Assignment | Make an exact transcript of the lines in the data below, starting with the one containing "なんとMVP。一番いっぱい3並びの魚を釣った3人の一人でしたw" and going on through the one containing "Vem älskar inte", with both included and the pictures left out.

Data supplied |
- - - -
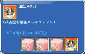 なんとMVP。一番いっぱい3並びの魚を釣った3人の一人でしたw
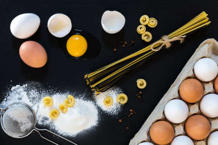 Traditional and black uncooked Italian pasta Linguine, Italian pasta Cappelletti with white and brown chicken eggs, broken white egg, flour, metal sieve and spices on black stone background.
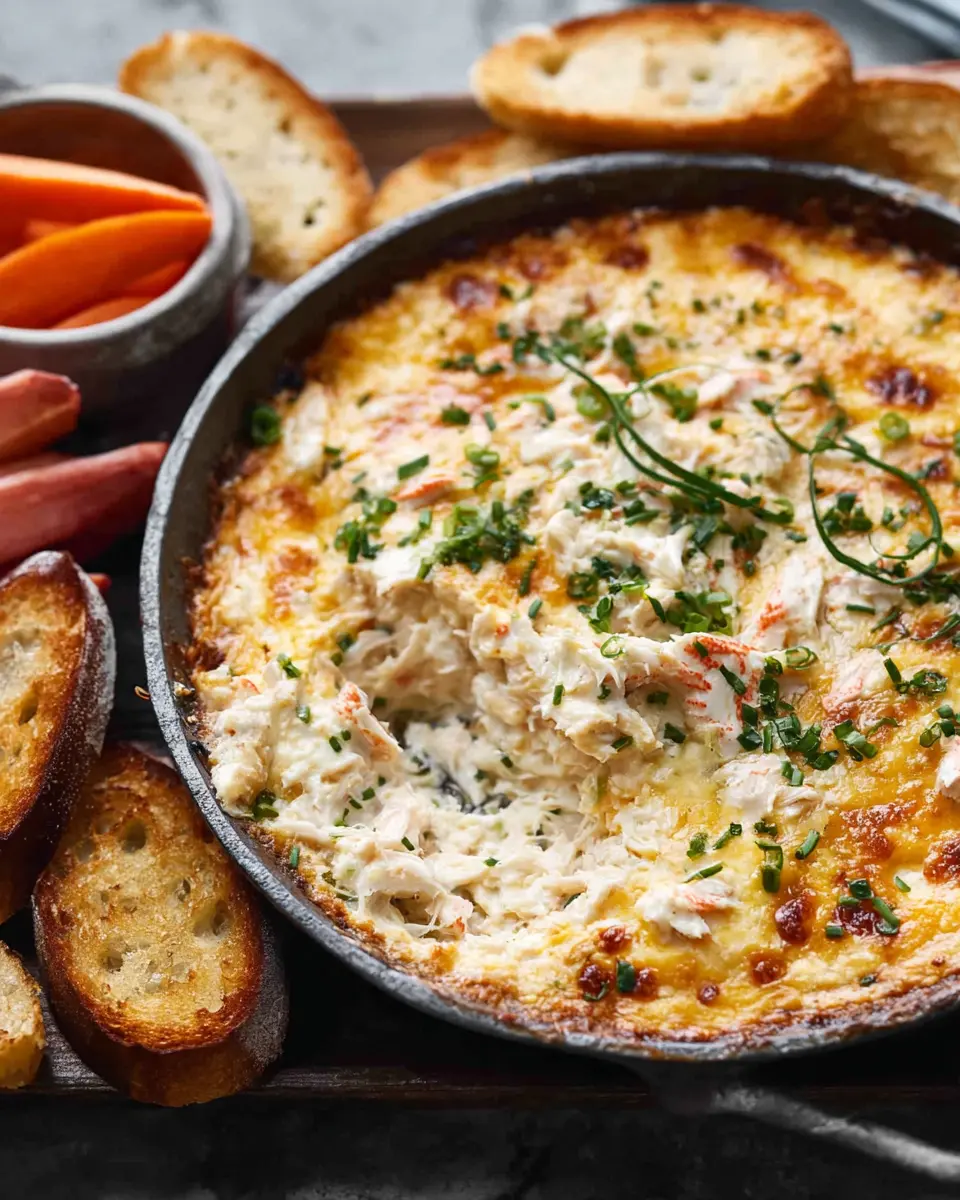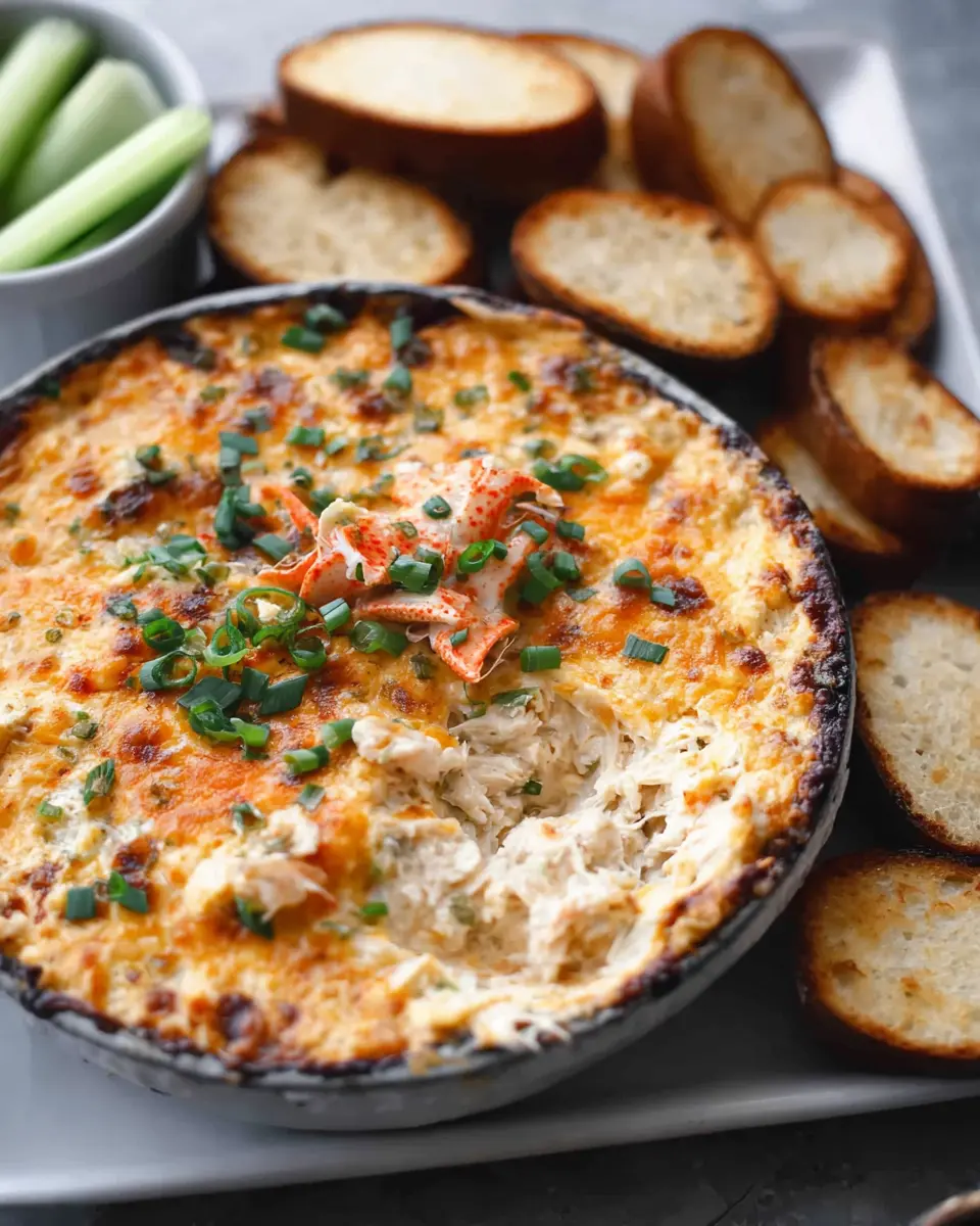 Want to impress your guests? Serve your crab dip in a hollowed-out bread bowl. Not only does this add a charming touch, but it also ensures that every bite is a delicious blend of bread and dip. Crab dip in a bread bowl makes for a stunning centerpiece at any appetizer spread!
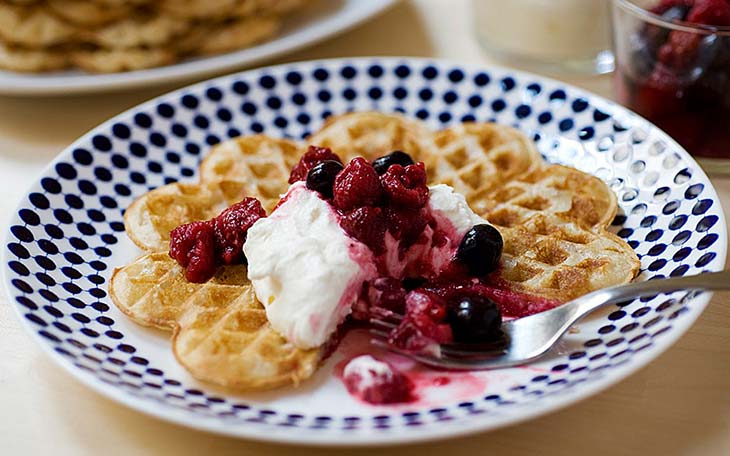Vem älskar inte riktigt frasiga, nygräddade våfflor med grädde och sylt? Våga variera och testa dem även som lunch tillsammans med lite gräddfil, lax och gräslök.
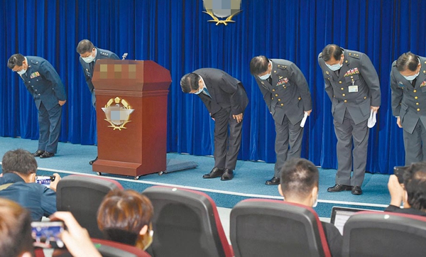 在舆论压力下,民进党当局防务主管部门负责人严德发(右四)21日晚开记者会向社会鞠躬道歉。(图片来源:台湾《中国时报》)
- - - -
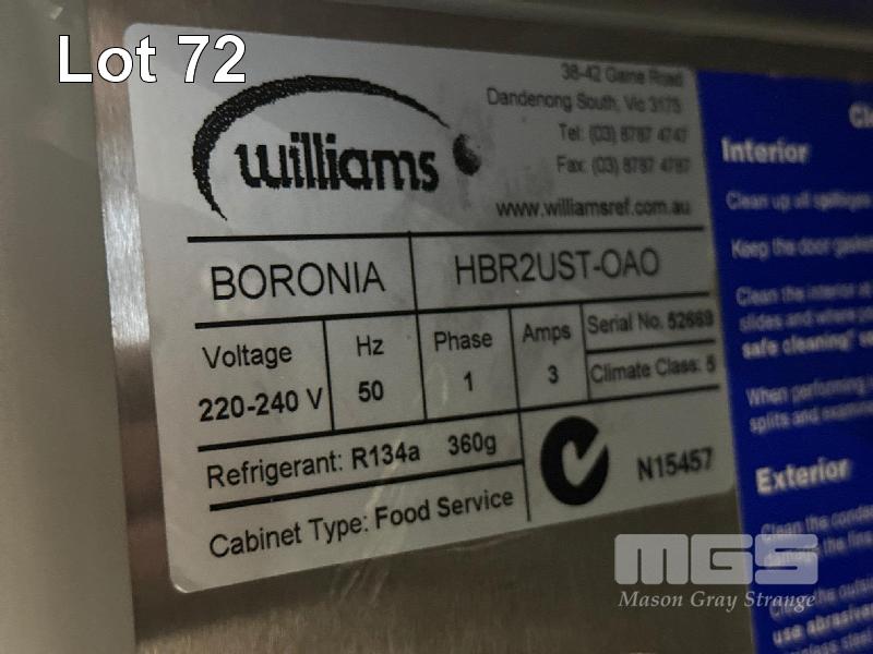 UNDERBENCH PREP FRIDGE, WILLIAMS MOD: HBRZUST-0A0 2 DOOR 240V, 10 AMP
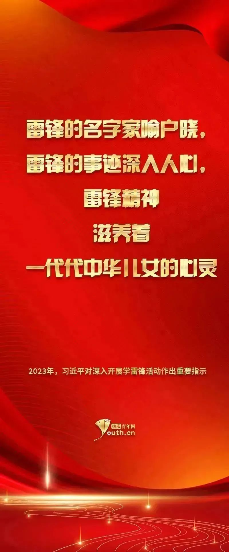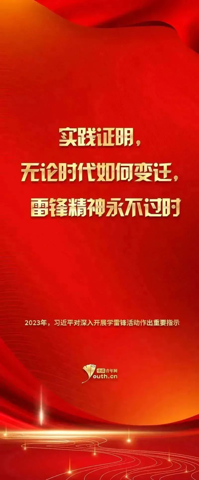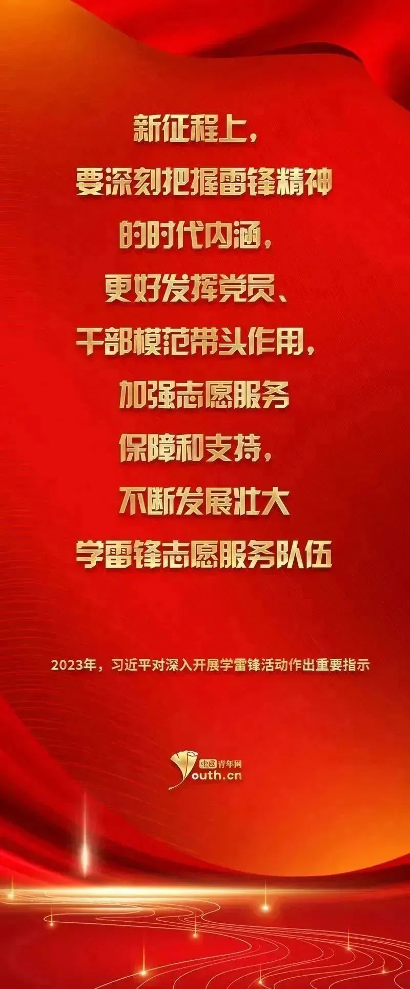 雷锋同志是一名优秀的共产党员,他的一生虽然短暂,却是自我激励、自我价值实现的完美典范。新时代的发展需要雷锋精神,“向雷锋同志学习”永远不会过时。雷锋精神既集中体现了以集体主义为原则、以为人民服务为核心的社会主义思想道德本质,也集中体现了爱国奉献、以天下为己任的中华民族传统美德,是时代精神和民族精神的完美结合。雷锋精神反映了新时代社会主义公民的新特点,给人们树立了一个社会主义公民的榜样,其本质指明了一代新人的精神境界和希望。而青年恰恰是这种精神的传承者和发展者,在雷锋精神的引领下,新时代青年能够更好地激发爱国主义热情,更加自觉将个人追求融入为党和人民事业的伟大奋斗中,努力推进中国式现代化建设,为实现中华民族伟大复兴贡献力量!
- - - -
Answer to the problem |
 なんとMVP。一番いっぱい3並びの魚を釣った3人の一人でしたw
 Traditional and black uncooked Italian pasta Linguine, Italian pasta Cappelletti with white and brown chicken eggs, broken white egg, flour, metal sieve and spices on black stone background.
 Want to impress your guests? Serve your crab dip in a hollowed-out bread bowl. Not only does this add a charming touch, but it also ensures that every bite is a delicious blend of bread and dip. Crab dip in a bread bowl makes for a stunning centerpiece at any appetizer spread!
Vem älskar inte riktigt frasiga, nygräddade våfflor med grädde och sylt? Våga variera och testa dem även som lunch tillsammans med lite gräddfil, lax och gräslök.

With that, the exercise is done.